• Source records

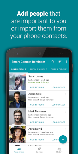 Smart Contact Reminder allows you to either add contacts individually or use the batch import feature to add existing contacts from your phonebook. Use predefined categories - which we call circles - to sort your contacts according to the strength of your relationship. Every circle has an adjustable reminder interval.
* * *
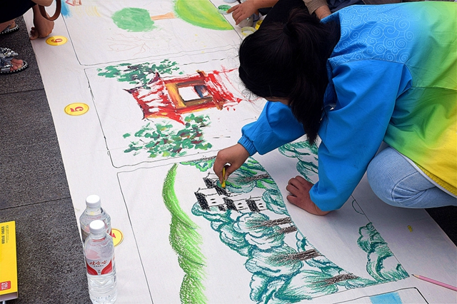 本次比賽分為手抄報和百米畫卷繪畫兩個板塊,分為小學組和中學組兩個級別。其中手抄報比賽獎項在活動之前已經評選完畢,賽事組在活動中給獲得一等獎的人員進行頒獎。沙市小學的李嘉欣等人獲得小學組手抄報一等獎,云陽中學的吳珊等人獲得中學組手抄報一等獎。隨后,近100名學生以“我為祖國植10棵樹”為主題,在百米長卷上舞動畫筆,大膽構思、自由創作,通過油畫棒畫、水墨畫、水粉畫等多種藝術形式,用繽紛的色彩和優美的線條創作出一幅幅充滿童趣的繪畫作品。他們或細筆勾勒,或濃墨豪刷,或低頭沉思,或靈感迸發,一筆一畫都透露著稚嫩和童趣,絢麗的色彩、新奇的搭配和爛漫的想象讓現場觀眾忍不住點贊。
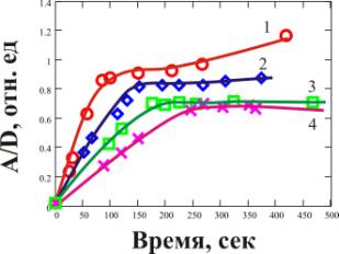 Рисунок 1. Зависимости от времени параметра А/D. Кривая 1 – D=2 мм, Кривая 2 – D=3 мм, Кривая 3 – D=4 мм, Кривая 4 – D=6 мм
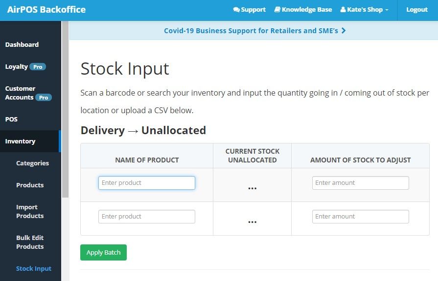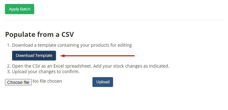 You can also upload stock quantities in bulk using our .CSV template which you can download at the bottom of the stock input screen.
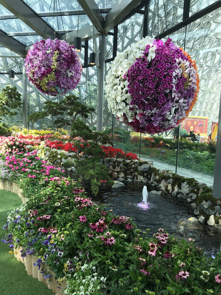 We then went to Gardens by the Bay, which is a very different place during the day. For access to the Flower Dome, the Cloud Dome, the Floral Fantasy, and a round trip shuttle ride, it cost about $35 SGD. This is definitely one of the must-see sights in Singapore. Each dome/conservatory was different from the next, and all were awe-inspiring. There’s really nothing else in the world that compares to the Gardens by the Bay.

• Task statement
Would you copy out, exactly and with no pictures, only the lines above from the one that contains "本次比賽分為手抄報和百米畫卷" through the one that contains "You can also"?

• Result of this task
 本次比賽分為手抄報和百米畫卷繪畫兩個板塊,分為小學組和中學組兩個級別。其中手抄報比賽獎項在活動之前已經評選完畢,賽事組在活動中給獲得一等獎的人員進行頒獎。沙市小學的李嘉欣等人獲得小學組手抄報一等獎,云陽中學的吳珊等人獲得中學組手抄報一等獎。隨后,近100名學生以“我為祖國植10棵樹”為主題,在百米長卷上舞動畫筆,大膽構思、自由創作,通過油畫棒畫、水墨畫、水粉畫等多種藝術形式,用繽紛的色彩和優美的線條創作出一幅幅充滿童趣的繪畫作品。他們或細筆勾勒,或濃墨豪刷,或低頭沉思,或靈感迸發,一筆一畫都透露著稚嫩和童趣,絢麗的色彩、新奇的搭配和爛漫的想象讓現場觀眾忍不住點贊。
 Рисунок 1. Зависимости от времени параметра А/D. Кривая 1 – D=2 мм, Кривая 2 – D=3 мм, Кривая 3 – D=4 мм, Кривая 4 – D=6 мм
 You can also upload stock quantities in bulk using our .CSV template which you can download at the bottom of the stock input screen.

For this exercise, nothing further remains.